- Exercise: Restate the records below word for word, and omit the images they hold.

- Records drawn from a dataset:

----

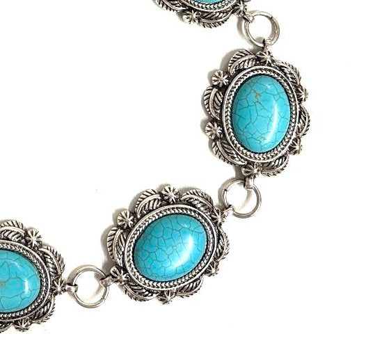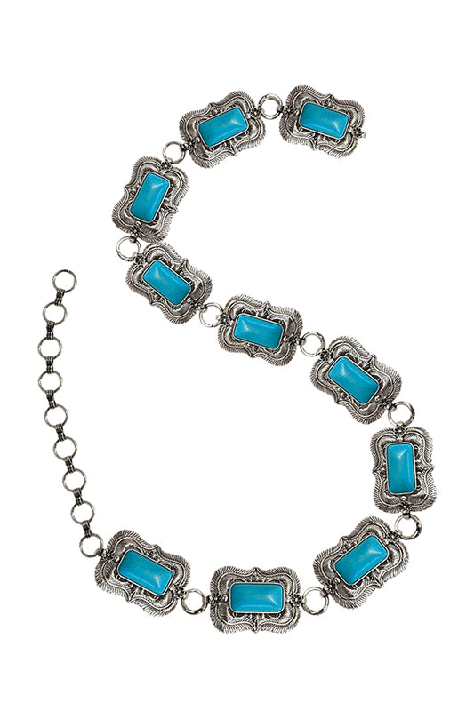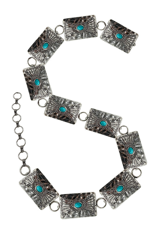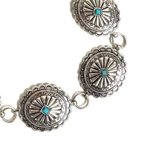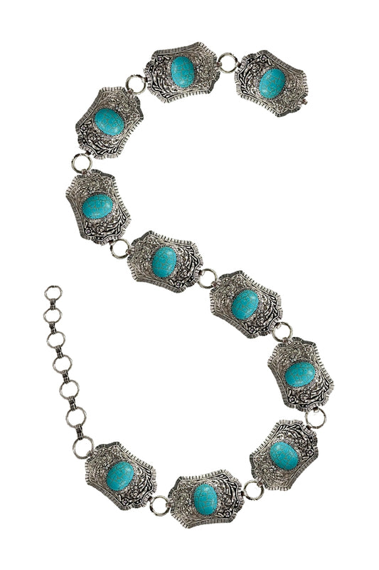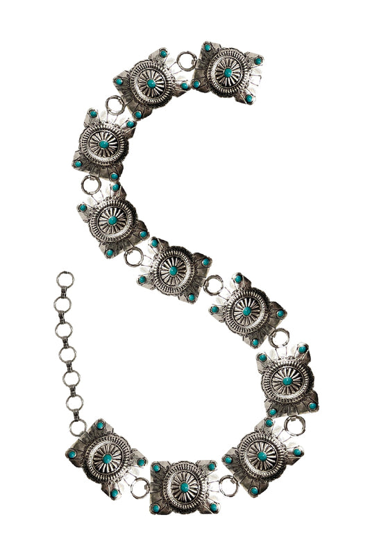 WESTERN METAL CONCHO TURQUOISE CHAIN BELT
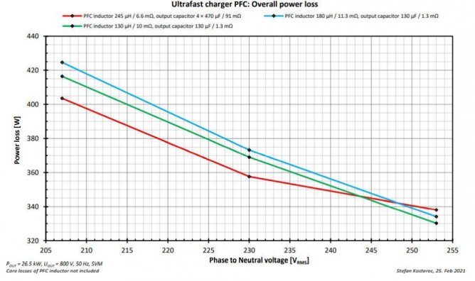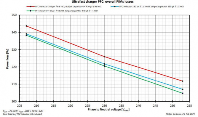 圖9. PFC部分的損耗和輸入電壓值、感值和輸出容值的關(guān)系
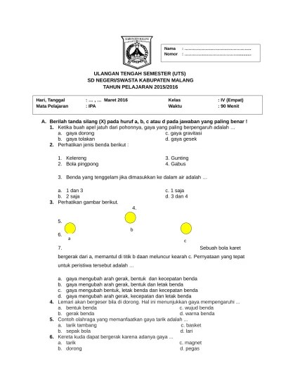 Pemerintah kabupaten bondowoso unit pelaksana teknis dinas pendidikan sd darut thalabah ulangan tengah semester i tahun pelajaran jl. Ulangan mid semester gasal tp. Soal uaspas kelas 1 semester 2 genap tema 7 unduh. Dalam pembahasan kunci jawaban soal uts pts pai kelas 2 sd mi semester 1 kurikulum 2013 akan dibahas 35 soal pilihan ganda dan esai 10 soal. Tepatnya di awal bulan desember akan dilaksanakan ulangan akhir semester (uas).
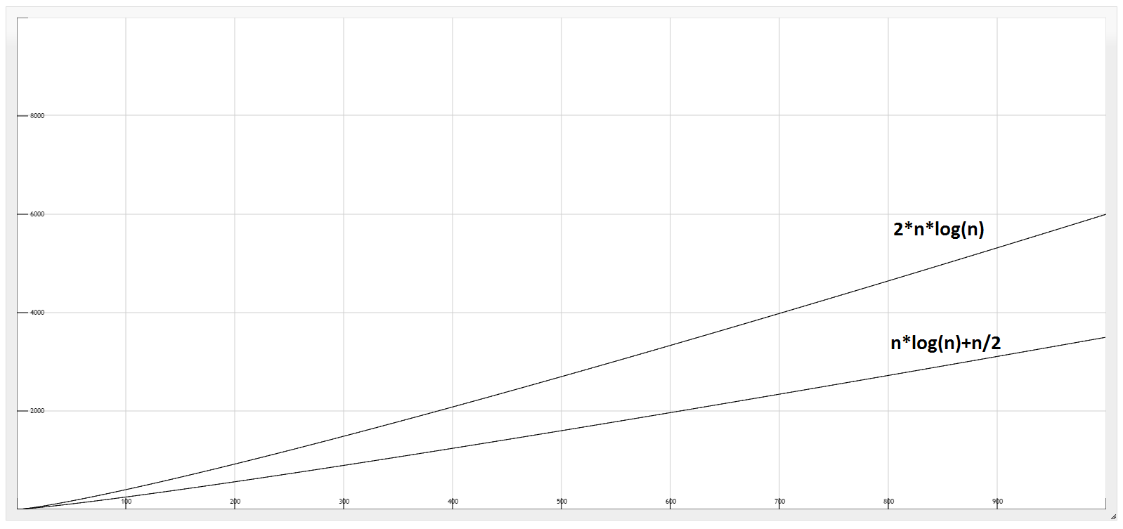 So this program has a complexity of nlog(n), it takes exactly nlog(n) + n/2 steps.
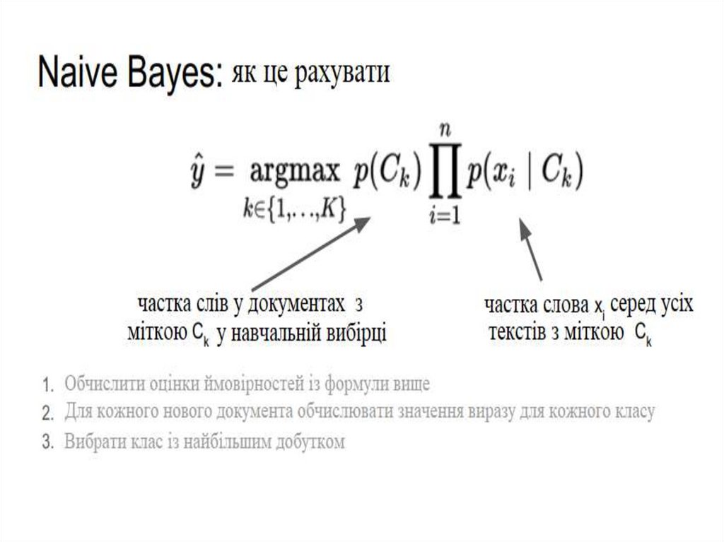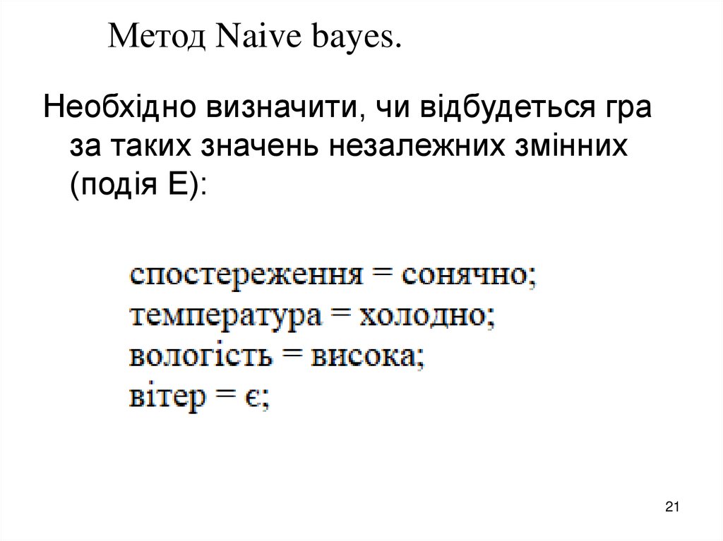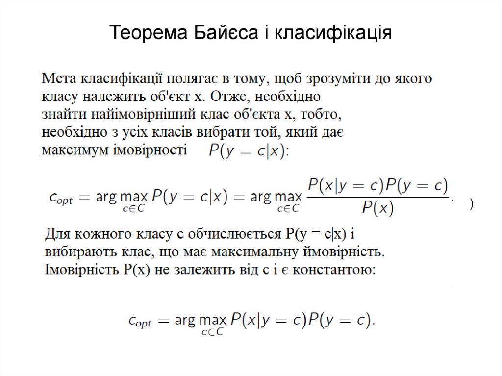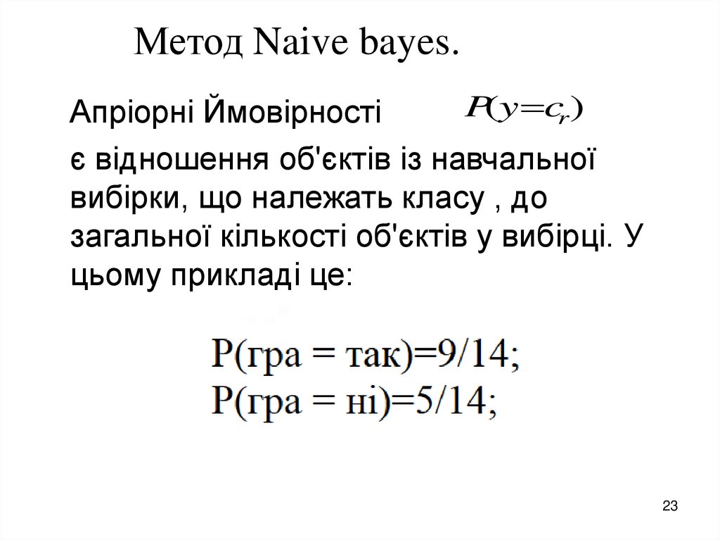 Метод Naive bayes.Підставляючи відповідні ймовірності,

----

- Output:
 WESTERN METAL CONCHO TURQUOISE CHAIN BELT
 圖9. PFC部分的損耗和輸入電壓值、感值和輸出容值的關(guān)系
 Pemerintah kabupaten bondowoso unit pelaksana teknis dinas pendidikan sd darut thalabah ulangan tengah semester i tahun pelajaran jl. Ulangan mid semester gasal tp. Soal uaspas kelas 1 semester 2 genap tema 7 unduh. Dalam pembahasan kunci jawaban soal uts pts pai kelas 2 sd mi semester 1 kurikulum 2013 akan dibahas 35 soal pilihan ganda dan esai 10 soal. Tepatnya di awal bulan desember akan dilaksanakan ulangan akhir semester (uas).
 So this program has a complexity of nlog(n), it takes exactly nlog(n) + n/2 steps.
 Метод Naive bayes.Підставляючи відповідні ймовірності,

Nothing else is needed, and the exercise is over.